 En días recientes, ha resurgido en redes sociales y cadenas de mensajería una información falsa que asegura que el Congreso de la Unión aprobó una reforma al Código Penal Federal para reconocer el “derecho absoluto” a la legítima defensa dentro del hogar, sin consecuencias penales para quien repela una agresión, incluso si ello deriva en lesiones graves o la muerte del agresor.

==

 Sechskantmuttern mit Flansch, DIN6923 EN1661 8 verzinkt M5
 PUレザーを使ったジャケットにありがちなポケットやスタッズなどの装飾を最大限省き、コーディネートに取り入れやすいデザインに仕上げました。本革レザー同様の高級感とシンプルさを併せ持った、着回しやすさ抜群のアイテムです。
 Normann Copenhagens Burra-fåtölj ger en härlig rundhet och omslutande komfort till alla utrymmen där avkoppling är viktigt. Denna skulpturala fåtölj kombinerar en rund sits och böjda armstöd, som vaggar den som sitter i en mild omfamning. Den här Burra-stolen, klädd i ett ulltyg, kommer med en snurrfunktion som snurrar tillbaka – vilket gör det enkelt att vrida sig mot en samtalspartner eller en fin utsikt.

...

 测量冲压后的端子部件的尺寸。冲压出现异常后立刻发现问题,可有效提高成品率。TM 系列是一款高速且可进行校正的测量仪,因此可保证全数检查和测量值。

▶ **Task**: The expected output is exactly the lines of the listing above between the line holding "PUレザーを使ったジャケット" and the line holding "Normann Copenhagens Burra-fåtölj", inclusive.

▶ **Finished task**:
 PUレザーを使ったジャケットにありがちなポケットやスタッズなどの装飾を最大限省き、コーディネートに取り入れやすいデザインに仕上げました。本革レザー同様の高級感とシンプルさを併せ持った、着回しやすさ抜群のアイテムです。
 Normann Copenhagens Burra-fåtölj ger en härlig rundhet och omslutande komfort till alla utrymmen där avkoppling är viktigt. Denna skulpturala fåtölj kombinerar en rund sits och böjda armstöd, som vaggar den som sitter i en mild omfamning. Den här Burra-stolen, klädd i ett ulltyg, kommer med en snurrfunktion som snurrar tillbaka – vilket gör det enkelt att vrida sig mot en samtalspartner eller en fin utsikt.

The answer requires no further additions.